Advancing personalized medulloblastoma care

Alice McCarthy, March 3rd, 2011 | Filed under
  • Image source: Ryan McVay

Medulloblastoma tumors are the most common type of childhood brain cancer. Each year, about 600 children are diagnosed with the disease. Today, all children with medulloblastoma over age three receive standardized high doses of radiation and chemotherapy. The good news is that this approach produces a cure in about half of the cases. That number reaches up to 80% for those tumor types identified as having a good prognosis. The bad news is that the intellectual costs of irradiating the brain of a child are high. Many of these children do not live independently as adults because of the cognitive side effects from treatment.

Unfortunately, clinicians do not have a reliable way of predicting which patients are more likely to relapse. If they did, they may someday be able to tailor treatment on a more individualized basis.

With this week’s news that researchers from the Broad Institute, Children’s Hospital Boston and Dana-Farber Cancer Institute have developed a model to predict whether a patient with a medulloblastoma brain tumor is likely to relapse, the field of oncology is one large conceptual step closer to being able to offer tumor-specific treatment.

The Broad team and colleagues found that each of the six major subtypes of medulloblastoma identified by their molecular profiles have widely different prognoses.

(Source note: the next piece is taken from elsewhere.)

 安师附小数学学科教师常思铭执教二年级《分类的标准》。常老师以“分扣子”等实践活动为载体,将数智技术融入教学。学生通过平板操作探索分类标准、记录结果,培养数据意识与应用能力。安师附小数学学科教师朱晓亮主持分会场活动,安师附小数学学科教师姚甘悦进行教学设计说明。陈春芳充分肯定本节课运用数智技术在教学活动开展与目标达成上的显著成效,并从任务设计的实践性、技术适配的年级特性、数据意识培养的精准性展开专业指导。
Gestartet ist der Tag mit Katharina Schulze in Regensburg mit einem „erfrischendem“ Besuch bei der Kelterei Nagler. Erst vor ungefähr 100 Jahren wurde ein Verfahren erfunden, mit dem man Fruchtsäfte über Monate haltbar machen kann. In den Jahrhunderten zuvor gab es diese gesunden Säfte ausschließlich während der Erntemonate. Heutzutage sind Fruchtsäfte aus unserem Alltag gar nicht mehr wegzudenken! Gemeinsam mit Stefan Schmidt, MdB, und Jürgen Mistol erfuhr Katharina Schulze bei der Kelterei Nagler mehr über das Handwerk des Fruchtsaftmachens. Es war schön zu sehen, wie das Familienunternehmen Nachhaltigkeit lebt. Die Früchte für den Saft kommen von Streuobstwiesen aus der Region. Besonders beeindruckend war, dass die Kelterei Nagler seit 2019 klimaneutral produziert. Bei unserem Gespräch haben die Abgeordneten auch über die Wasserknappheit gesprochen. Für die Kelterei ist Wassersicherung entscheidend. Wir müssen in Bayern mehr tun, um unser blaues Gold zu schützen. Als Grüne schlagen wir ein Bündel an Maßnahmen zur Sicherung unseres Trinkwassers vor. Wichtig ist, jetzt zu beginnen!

Further, they have developed a working model to predict whether a patient is likely to relapse based on a tumor’s molecular signature. Today, oncologists rely on imprecise clinical and pathological findings to make a prognosis. Thought not yet 100% accurate, the researchers’ new mathematical model outperforms this approach.

This may mean better identification of children with high-risk tumors that might benefit from the aggressive treatment. In addition, for those tumor types with just a 20% chance of cure, perhaps it may lead clinicians to investigate and apply different, more targeted approaches.

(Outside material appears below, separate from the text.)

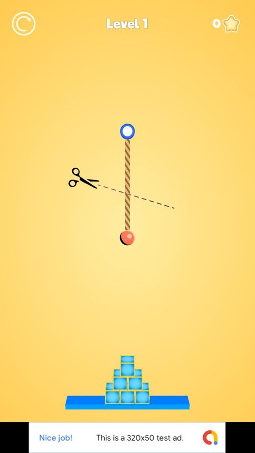 绳索吊杆游戏中通过剪段绳子,然后让悬挂的物品以物物物理运动轨道自动向下掉落砸中玻璃方块。下方的物品是游戏随机设计摆放的只要剪断绳索,让它下坠砸中,这些物品就可以了。游戏的背景元素设置有很多,比方说不同的纯色系颜色,绿色,橙色,紫色,黑色,灰色等等。完成挑战之后,可以得到关卡的星星奖励,会根据你的完成百分比来赠送星星,有三颗星,两颗星,一颗星奖励数量不等。
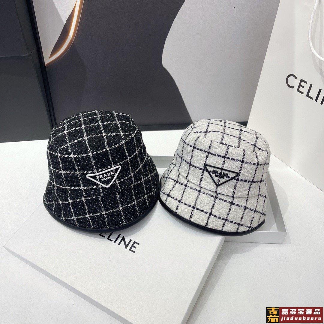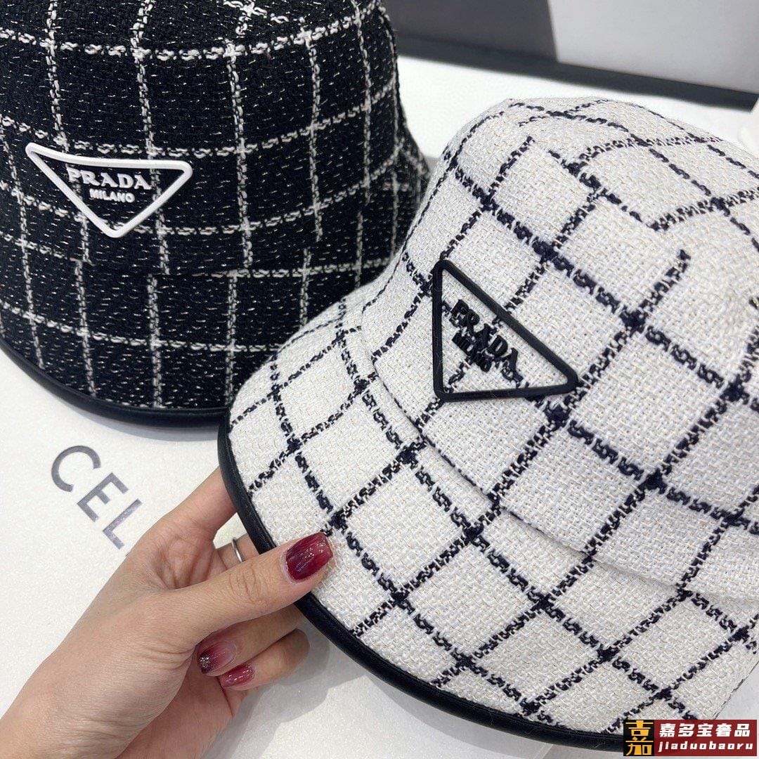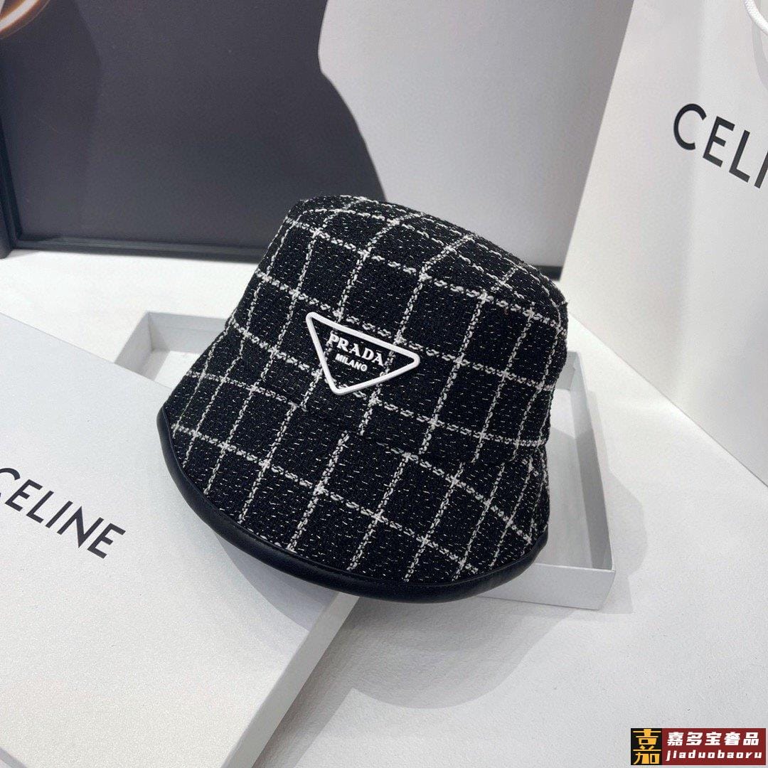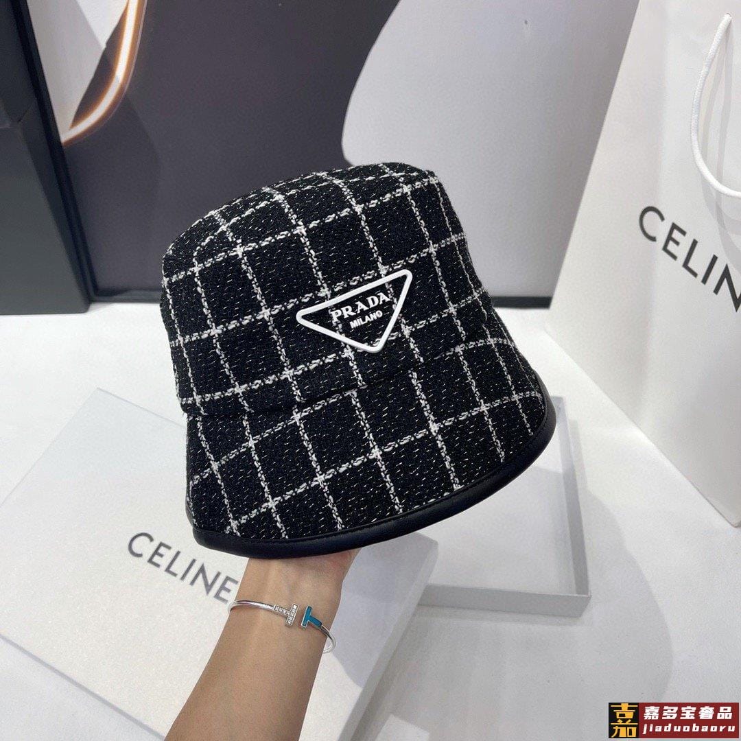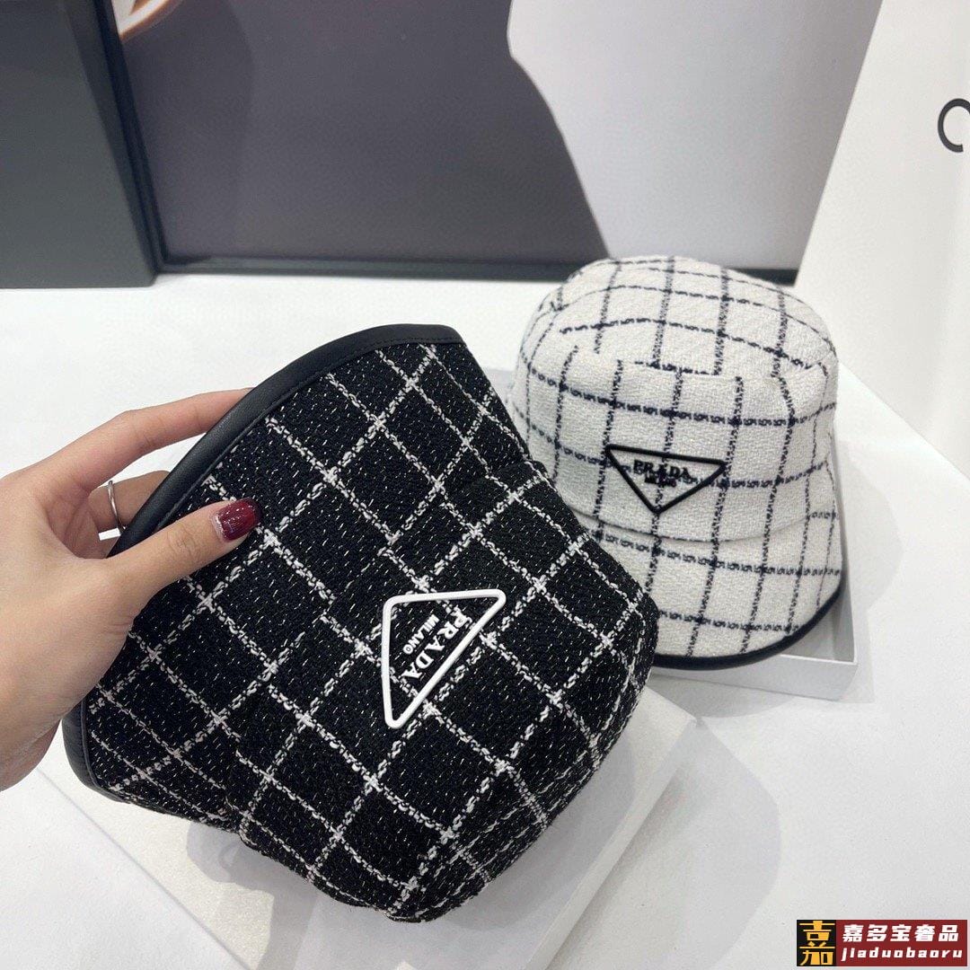 普拉达轻奢系列金线绣时尚格纹皮边渔夫帽大牌既视感超级洋气 <

These findings are now being applied to the design of medulloblastoma clinical studies. The Children’s Oncology Group, the world’s largest pediatric cancer clinical trial organization, is incorporating subtype information into upcoming trials.

In the long-term, the team hopes this research can be implemented to create an increasingly practical, real-time testing approach that oncologists can readily use to make therapeutic decisions.